Front. Oncol., 09 November 2022
Sec. Gynecological Oncology
This article is part of the Research Topic The Role of Imaging in Gynecological Malignancies View all 20 articles

Imaging hypoxia in endometrial cancer: How and why should it be done?

Nandita M. deSouza,*Nandita M. deSouza1,2*Ananya Choudhury,Ananya Choudhury3,4Mel GreavesMel Greaves5James P. B. O&#x;Connor,,James P. B. O’Connor1,2,4Peter J. Hoskin,Peter J. Hoskin4,6
  • 1Division of Radiotherapy and Imaging, The Institute of Cancer Research, London, United Kingdom
  • 2Department of Imaging, The Royal Marsden National Health Service (NHS) Foundation Trust, London, United Kingdom
  • 3Radiation Oncology, The Christie National Health Service (NHS) Foundation Trust Manchester, Manchester, United Kingdom
  • 4The Division of Cancer Sciences, University of Manchester, Manchester, United Kingdom
  • 5Centre for Evolution and Cancer, The Institute of Cancer Research, London, United Kingdom
  • 6Radiation Oncology, Mount Vernon Cancer Centre, Northwood, United Kingdom

Introduction

Tissues become hypoxic when their oxygen consumption exceeds their supply. In tumors, neoangiogenesis results in disordered vascular morphology and this leads to inadequate oxygen supply to rapidly growing cells (1). However, because vessels have variations in their vascular tone, hypoxic status is a dynamic rather than a static event; it may be transient and is often cyclical (2). Cyclical hypoxia with a median periodicity of 15 mins has been described in xenografts and head and neck cancers in patients (3). Hypoxia is important because it is well accepted as a poor prognostic factor in for patients with a range of cancer types (47) where it has been associated with disease that is progressive, resistant and metastatic (8).
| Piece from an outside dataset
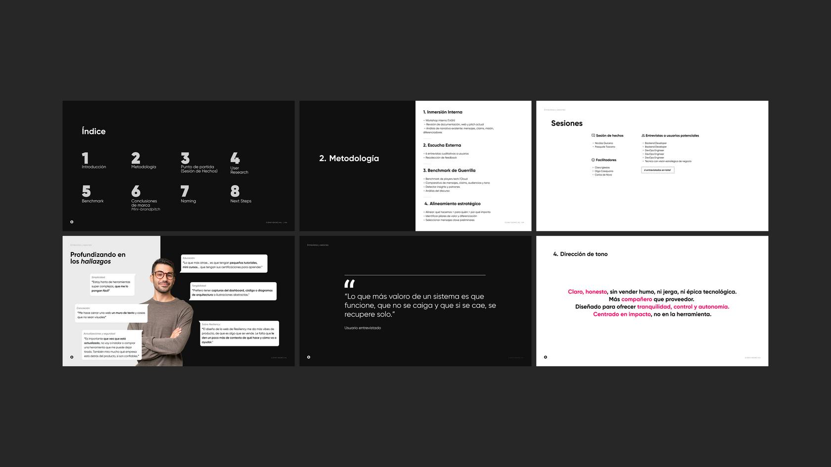 Esta fase nos permitió identificar patrones claros: qué valoran, qué esperan de un partner tecnológico y cómo debe sonar una marca que trabaja a su lado.

Under hypoxic conditions, oxygen-sensitive transcription factors (hypoxia inducible factors [HIFs]) are upregulated. In the endometrium, HIF1α expression increases as the tissue undergoes changes from normality to being premalignant and then to become adenocarcinoma. This is paralleled by increased angiogenesis in the endometrium, suggesting that HIF1α and thus tissue hypoxia might be a key regulator in endometrial carcinogenesis (9). A poorer prognosis in patients with EC expressing HIF-1α has been demonstrated in a metaanalysis with a hazard ratio of 2.29 (10), and its link to tumor aggressiveness at other cancer sites is documented (11). Hypoxic status also has been associated with mutations of multiple genes in endometrial cancer (EC) (12). In other cancer types, driver mutations in p53, MYC and PTEN are enriched in hypoxic tumors (13) with an effect of hypoxia on mutational load (14). Therefore, as hypoxia is likely to determine the evolutionary trajectories and as a result the management and outcomes of cancer, imaging tumor hypoxic status in EC may offer prognostic value and facilitate personalisation of treatment strategies (15).

Endometrial cancer: Diagnosis, staging and the changing molecular landscape

EC, (9,300 new cases per annum in the UK (16), 65,620 new cases in 2020 in USA (17) usually presents with post-menopausal bleeding and is detected at an early stage. Diagnostic confirmation on pipelle sampling of the endometrium or at hysteroscopy is followed by pelvic magnetic resonance imaging (MRI) for disease staging (18). Endometrioid and mucinous carcinomas are classified as type I and serous and clear cell carcinomas as type II. The former are usually low grade and low stage at presentation and the latter high grade and advanced stage. Disease outcome depends on tumor grade, stage, subtype, depth of myometrial invasion, lymphovascular space invasion and lymph node involvement (19). In fact, in type I endometrial adenocarcinoma, high expression of HIF-1 α showed a significant correlation with higher grade of the tumor, depth of myometrial invasion, adnexal invasion and clinical stage (20), which strengthens the argument for hypoxia driving tumor progression by favouring selection of adverse genetic clones.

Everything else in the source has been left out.